So one lesson is documenting and understanding where you as a business tend to operate: bill-to, ship-to, sold-to, install-at, all core concepts for a software company, and then mapping those back to the acquisition’s practices. The other thing I’d say is that Precisely has done a really good job building out core infrastructure for managing the business, so when we look at how we define accounts or assets or products within that infrastructure, we can map the acquired business into how Precisely runs itself.

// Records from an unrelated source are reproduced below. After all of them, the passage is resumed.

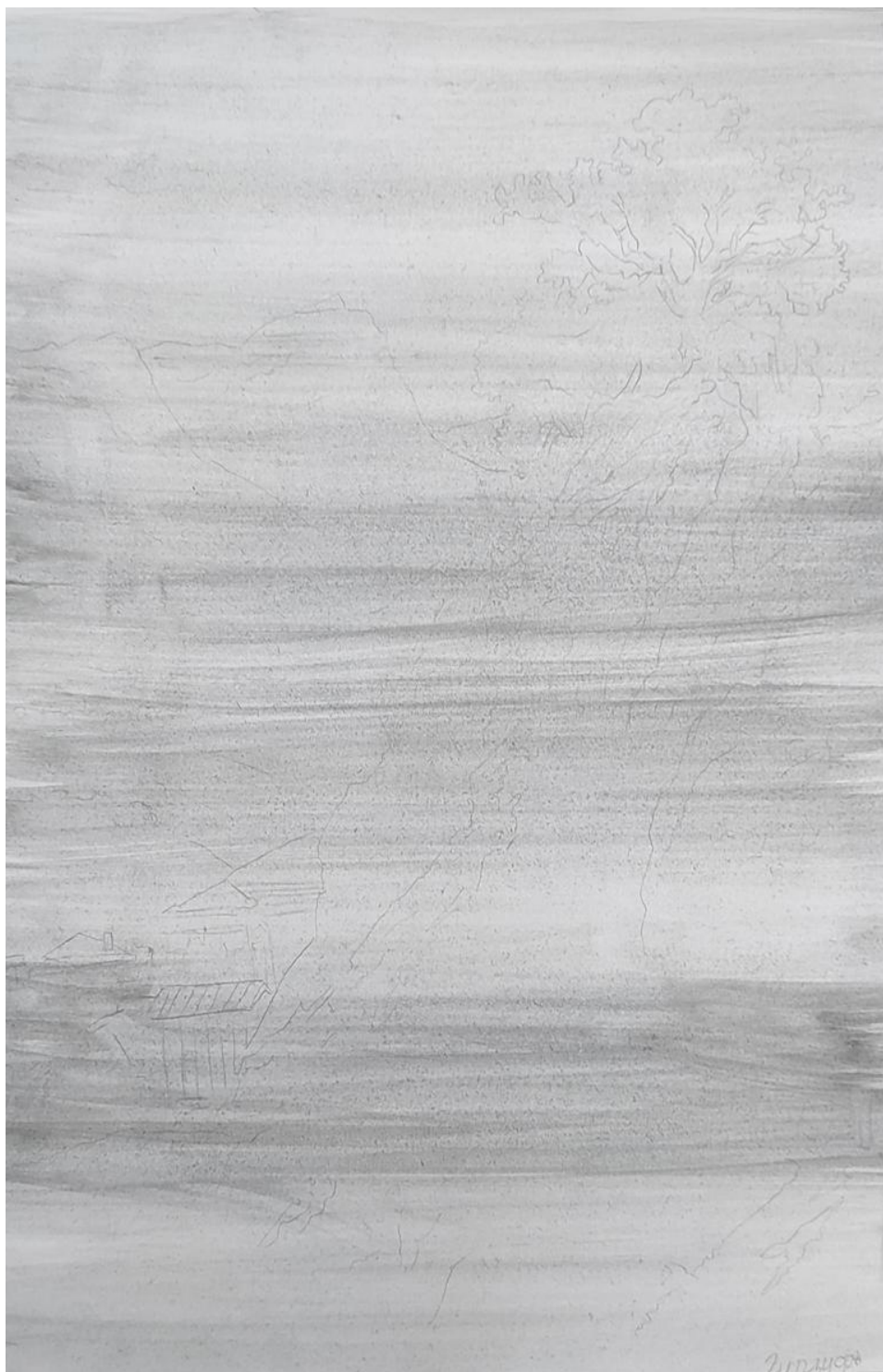
Рисунок 3 – набросок и нахождение композиции в листе
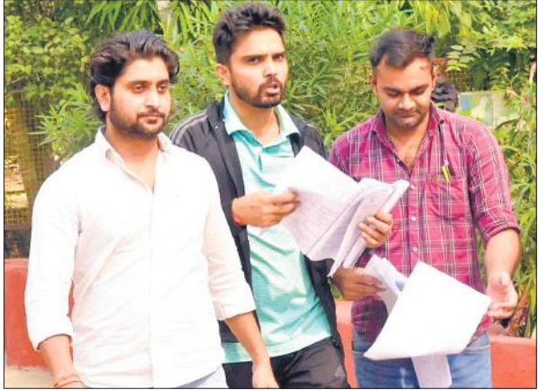
पेपर को लेकर चर्चा करते परीक्षार्थी।
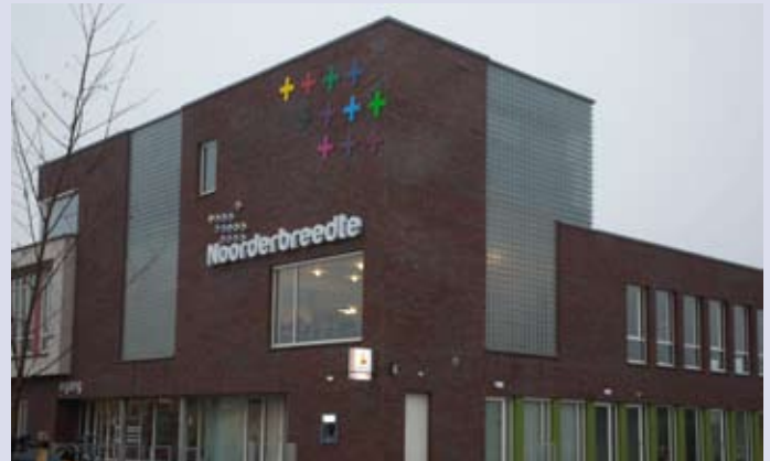
MFA, Nieuw Buinen
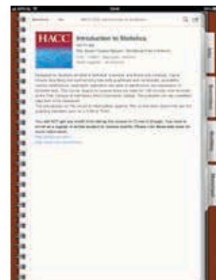
cursus iTunesU op iPad
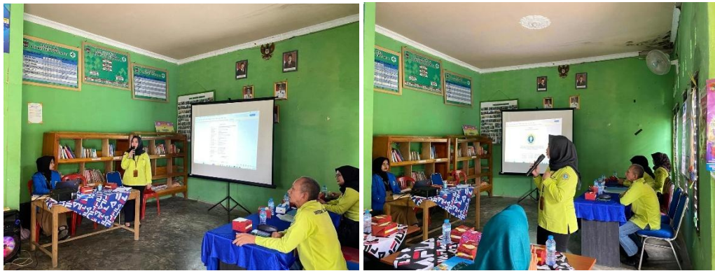
Gambar 2. Penyampaian Materi 1.

That was a challenge. A lot of the time we were doing deep archeological digs into the acquired company’s data, where the people who had made those decisions and operated that business didn’t come over with the acquisition. You’re really interrogating the data, trying to make it confess its true intent. That process is something we’ve developed real expertise around. In 2024, we closed our fiscal year on one set of systems, one CRM, one ERP. We made another set of acquisitions in ’25 and closed that year on one set of systems too. That’s really about developing quality pipelines, the ability to do those transformations, profile the data, and understand it, and moving that into your diligence process early, while you still have access to the knowledge workers who were part of that original decision-making.

Saket Saurabh
Yeah, I think that’s a problem many large enterprises see, enterprise data silos growing through acquisitions, multiple copies of the same kind of system configured differently. Some of that just comes with scale and complexity. When I talk to entrepreneurs, I often say the complexity of the enterprise is where the opportunity is, because solving that complexity and making that data, with all its nuances, useful for AI or analytics has always been a great way to create value. One question I have for you: you mentioned data products as something that started with the growth of ELT and continues to stay relevant in the world of AI. How do you see data products today, different from a few years ago, and how do you see them evolving for AI-native use cases?

Dave Shuman
When I think about my data landscape within our infrastructure, we have three zones for data. The first is raw, and it’s important for us to go back to our business leaders and prove it. My chief accounting officer counts on us to replicate our ERP data faithfully. We trust but verify, we’re able to prove through audits that the data we’re representing in the data warehouse is identical to the data in the source systems. That allows us to build the next layers off that: pipelines to build component products, and then trusted products.

Component products are often reusable sets of logic where you want the same definition applied consistently. For example, we have sales engineers associated with our opportunities during the sales cycle. Different engineers may touch a particular engagement, but we want to look at whether an SE was attached to an opportunity and how that drove the outcome. That data product specifically looks at the last SE to touch the opportunity and associates them with it. It’s reusable, we can put it on leads, opportunities, orders, and it gives us a consistent set of logic for answering the question of whether an SE was attached.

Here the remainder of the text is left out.